(Given data Opens)
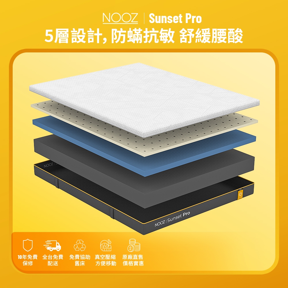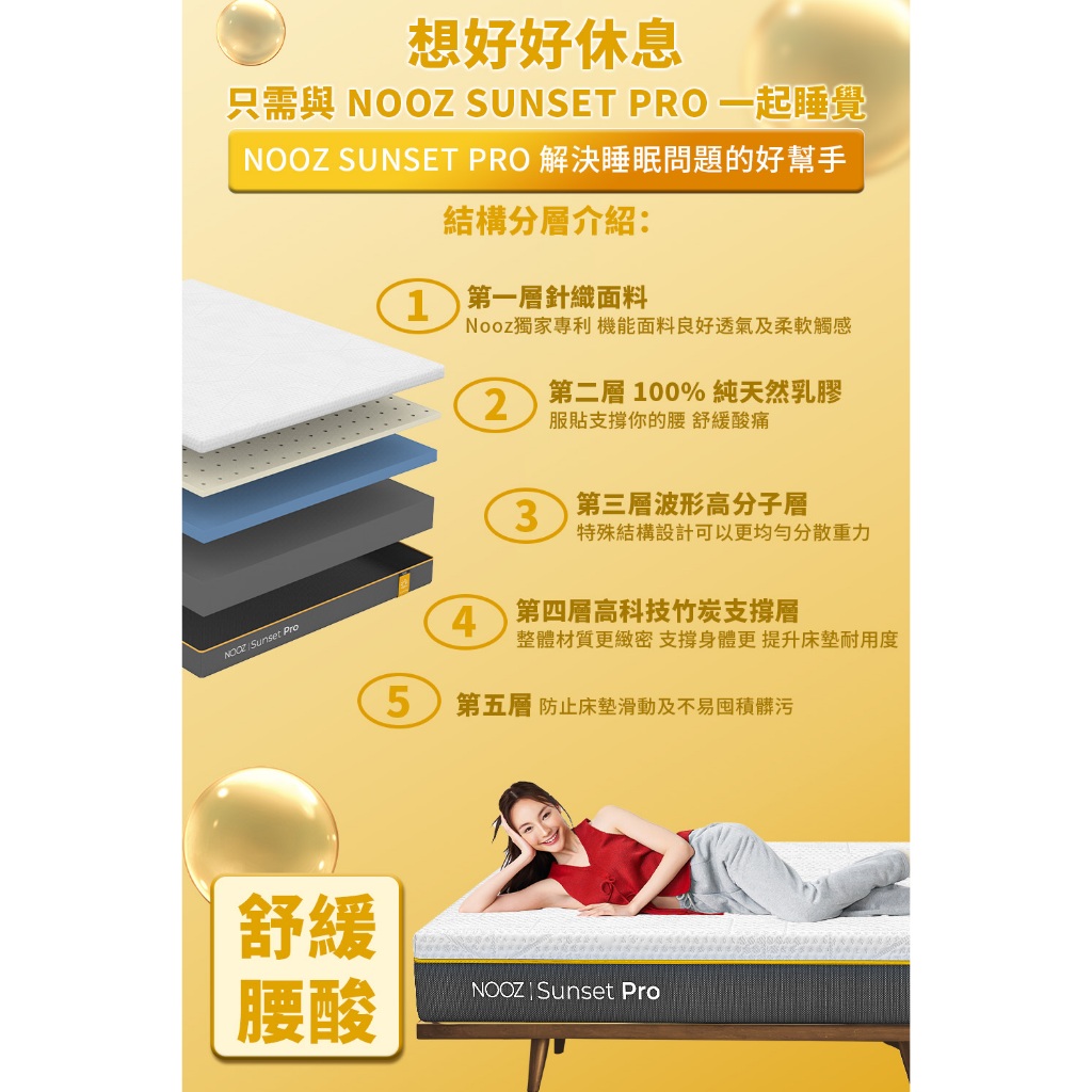 Nooz Sunset Pro乳膠床墊【腰酸背痛必備】非海綿/記憶棉 防蟎抗菌|加厚單人/雙人/雙人加大/雙人特大標準單人3呎 少量現貨|單人加大3.5呎 8/26陸續出貨|標準雙人5呎 少量現貨|雙人加大6呎 少量現貨|雙人特大6X7呎 8/26陸續出貨MattressesDreamlands精選名床|官方旗艦店Lunio / Nooz床墊
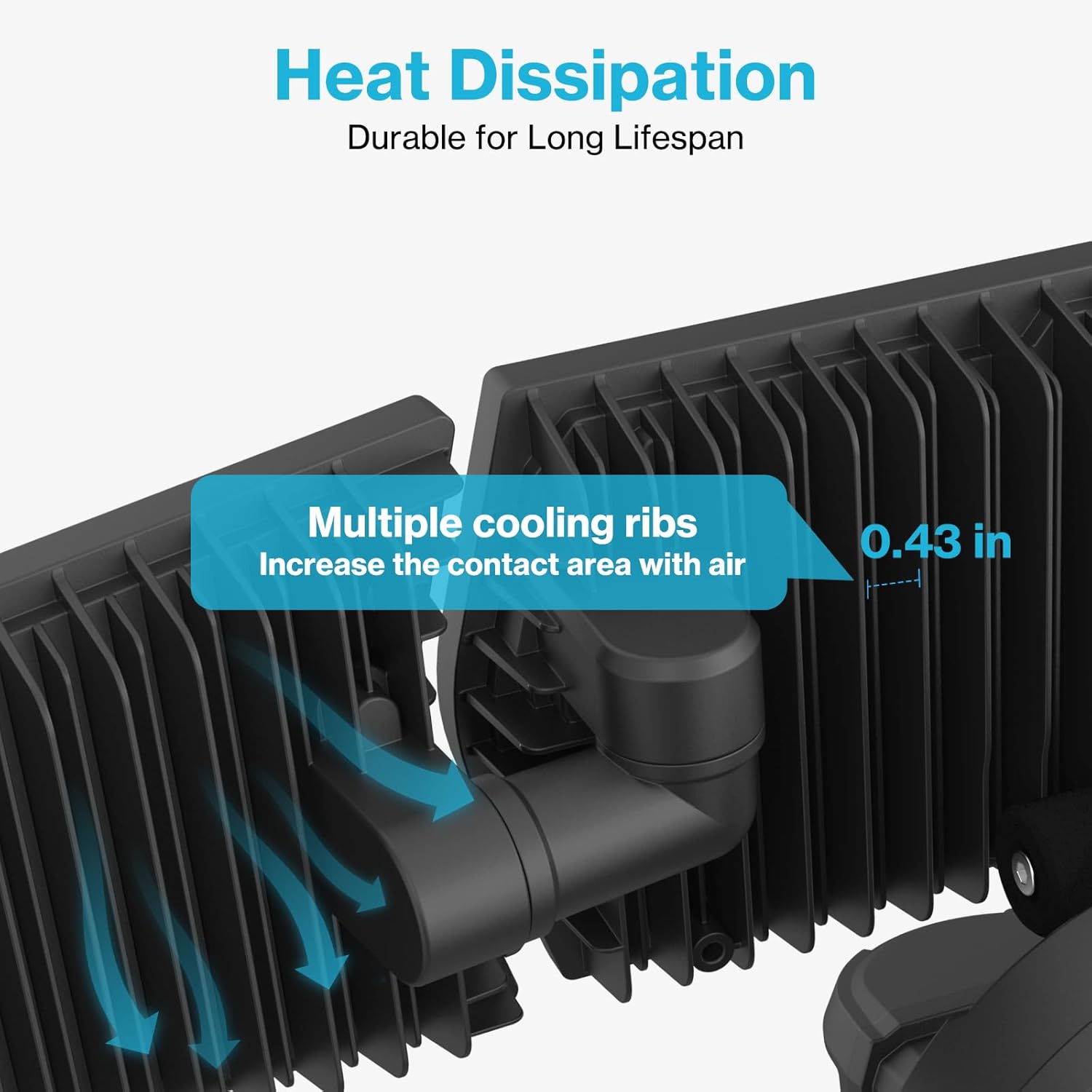 - Light Up Wide Coverage: This 9,000 lm motion lights for outside lights up yards, garages, driveways, and more. Its 3-headed adjustable design provides 270-degree coverage, illuminating up to 1350 square feet to enhance home security at night
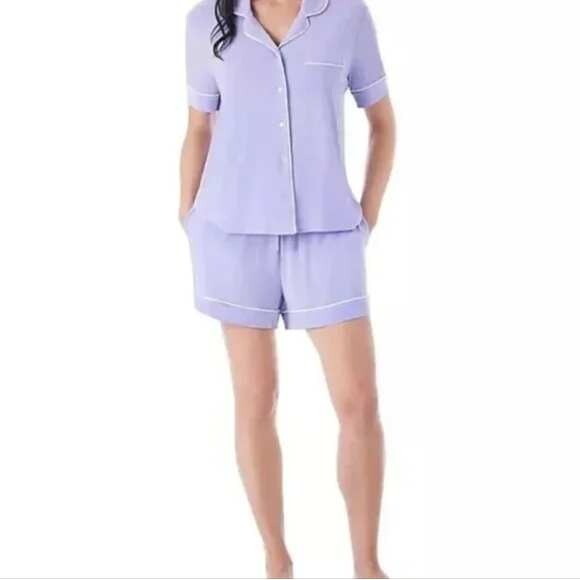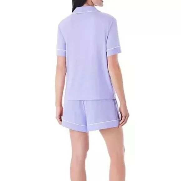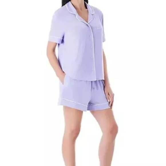 A charming pajama set perfect for comfortable nights and relaxed mornings. This set includes a short-sleeved, button-up top and matching shorts, both featuring a clean, piped trim. The top has a notched collar and a chest pocket, while the shorts have an elastic drawstring waist for an adjustable fit. Ideal for cozy evenings at home or weekend getaways. Type: Pajama Set Department: Women Color: Purple Pattern: Solid Material: Cotton Blend, Spandex, Modal, Lyocell, Cotton Character: Lavender, Dreamy, Cozy, Lilac, Cloud Fabric Type: Jersey Sleeve Length: Short Sleeve Character Family: Cozy Family, Dream Team, Relaxation Crew, Sleepy Bunch, Comfort Club Keywords: pajama set, sleepwear, loungewear, women's pajamas, short sleeve pajamas, button up pajama top, pajama shorts, nightwear, comfortable sleepwear, pajama set women, sleep set, matching pajama set, pajamas with shorts, cute pajamas
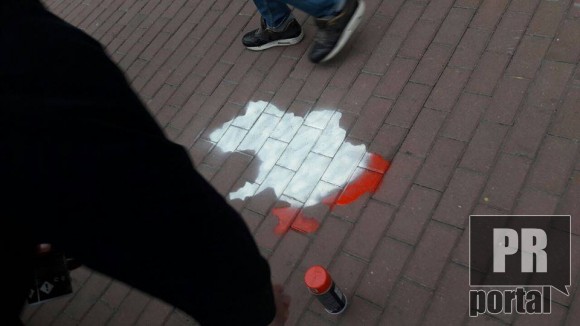 Київським студентам, котрі другий день проводять під стінами посольства Королівства Нідерландів інформаційну кампанію "Молодь за Європу", заборонили малювати на тротуарі криваву карту України.
(Given data Closes)
- Work order
With the pictures left out, restate word for word every line of the data above, from the first down to the line that contains "- Light Up Wide".

- Answer to this exercise
 Nooz Sunset Pro乳膠床墊【腰酸背痛必備】非海綿/記憶棉 防蟎抗菌|加厚單人/雙人/雙人加大/雙人特大標準單人3呎 少量現貨|單人加大3.5呎 8/26陸續出貨|標準雙人5呎 少量現貨|雙人加大6呎 少量現貨|雙人特大6X7呎 8/26陸續出貨MattressesDreamlands精選名床|官方旗艦店Lunio / Nooz床墊
 - Light Up Wide Coverage: This 9,000 lm motion lights for outside lights up yards, garages, driveways, and more. Its 3-headed adjustable design provides 270-degree coverage, illuminating up to 1350 square feet to enhance home security at night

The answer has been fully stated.